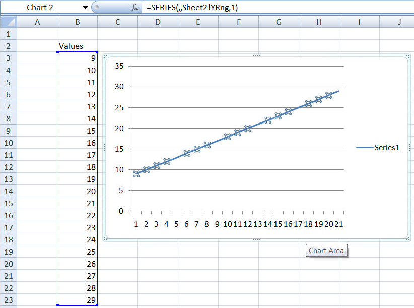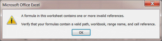 However, it will not work because the Excel charting module requires one to qualify the range reference with the worksheet name. If on were to use the IndirectDynamicRng name in a chart, Excel would show the below error message.
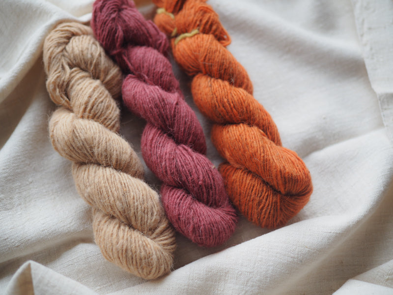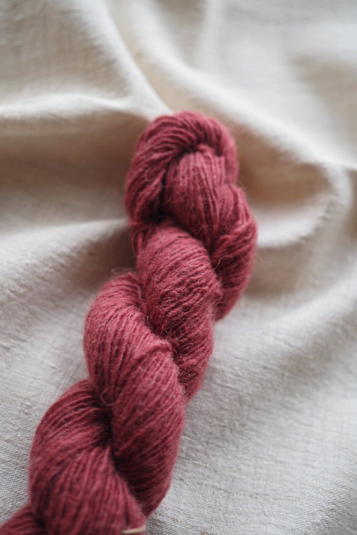 This handspun yarn is naturally dyed with Lac. This process is completely organic and we can assure a good color fastness. Spinning yarn is the second step in making woolen fabric and a wonderful, loosely spun yarn for weaving, knitting or felting. Before it is spun it has been skirted - the removal of thorns and other dirt, then washed by hand and machine carded. It comes from the sheep of our team from Changthang. The sheep live at an altitude between 4000m and 5000m, therefore the wool promises excellent warmth for the colder days. The handspinning assures a 100% pure and natural sheep wool. It is spun by our team of settled nomads close to the city of Leh, Ladakh. The wool is hand-dyed by Angtak & Catherine in Ladakh.
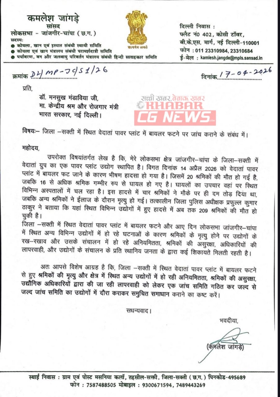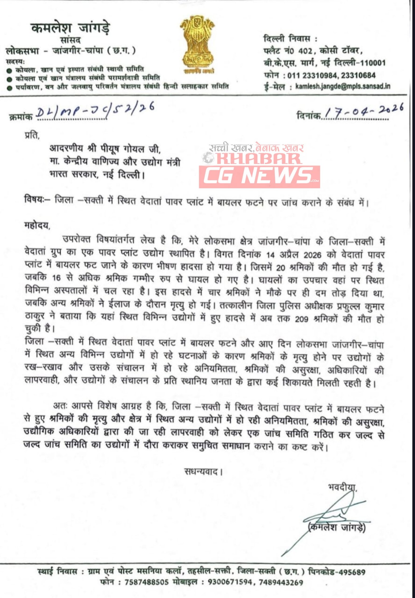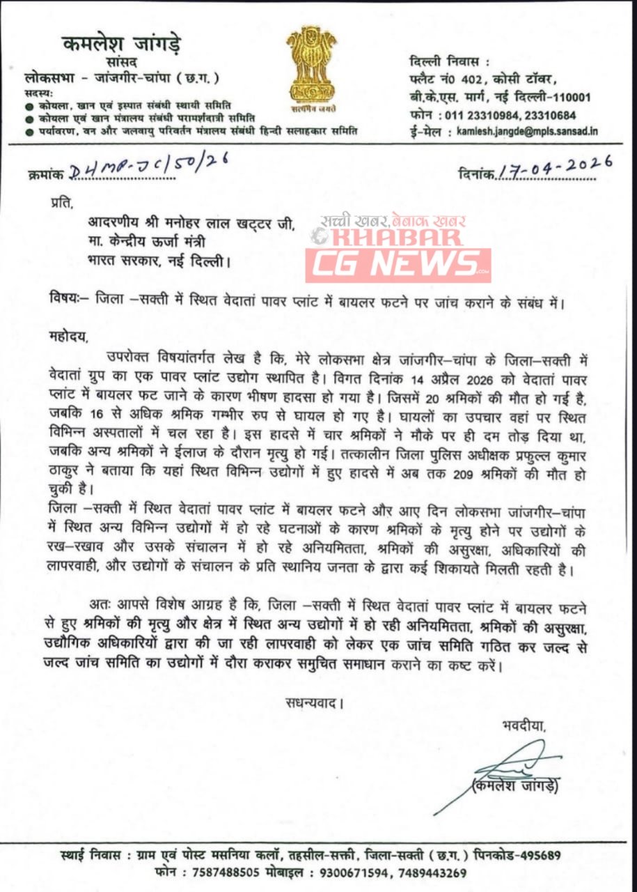 पत्र में सांसद ने बताया कि हादसे में लगभग 20 श्रमिकों की मौत हुई है, जबकि 16 से अधिक श्रमिक गंभीर रूप से घायल हुए हैं, जिनका उपचार विभिन्न अस्पतालों में जारी है. कुछ श्रमिकों की मौके पर ही मौत हो गई, जबकि अन्य की इलाज के दौरान मृत्यु हुई. सांसद कमलेश जांगड़े ने कहा कि यह घटना उद्योगों में सुरक्षा मानकों की अनदेखी, प्रशासनिक लापरवाही और श्रमिकों की सुरक्षा में गंभीर कमी को दर्शाती है. उन्होंने केंद्र सरकार से मांग की है कि मामले की निष्पक्ष जांच के लिए उच्च स्तरीय समिति का गठन किया जाए तथा जिले के अन्य उद्योगों की भी जांच कर दोषियों के खिलाफ कड़ी कार्रवाई की जाए.
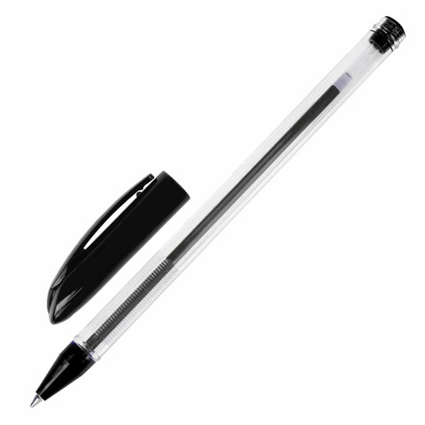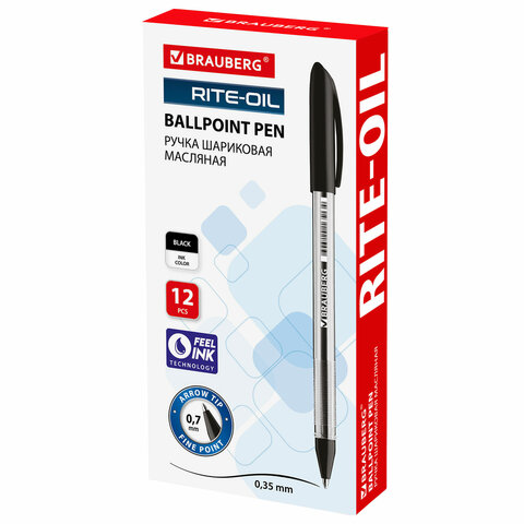Ручка шариковая масляная BRAUBERG "Rite-Oil", ЧЕРНАЯ, корпус прозрачный, узел 0,7 мм, линия письма 0,35 мм, 142147

Exercise instructions -
Return exactly the lines of the material above, starting at the line containing "This handspun yarn" and finishing at the line containing "पत्र में सांसद", without any pictures.

Answer section -
 This handspun yarn is naturally dyed with Lac. This process is completely organic and we can assure a good color fastness. Spinning yarn is the second step in making woolen fabric and a wonderful, loosely spun yarn for weaving, knitting or felting. Before it is spun it has been skirted - the removal of thorns and other dirt, then washed by hand and machine carded. It comes from the sheep of our team from Changthang. The sheep live at an altitude between 4000m and 5000m, therefore the wool promises excellent warmth for the colder days. The handspinning assures a 100% pure and natural sheep wool. It is spun by our team of settled nomads close to the city of Leh, Ladakh. The wool is hand-dyed by Angtak & Catherine in Ladakh.
 पत्र में सांसद ने बताया कि हादसे में लगभग 20 श्रमिकों की मौत हुई है, जबकि 16 से अधिक श्रमिक गंभीर रूप से घायल हुए हैं, जिनका उपचार विभिन्न अस्पतालों में जारी है. कुछ श्रमिकों की मौके पर ही मौत हो गई, जबकि अन्य की इलाज के दौरान मृत्यु हुई. सांसद कमलेश जांगड़े ने कहा कि यह घटना उद्योगों में सुरक्षा मानकों की अनदेखी, प्रशासनिक लापरवाही और श्रमिकों की सुरक्षा में गंभीर कमी को दर्शाती है. उन्होंने केंद्र सरकार से मांग की है कि मामले की निष्पक्ष जांच के लिए उच्च स्तरीय समिति का गठन किया जाए तथा जिले के अन्य उद्योगों की भी जांच कर दोषियों के खिलाफ कड़ी कार्रवाई की जाए.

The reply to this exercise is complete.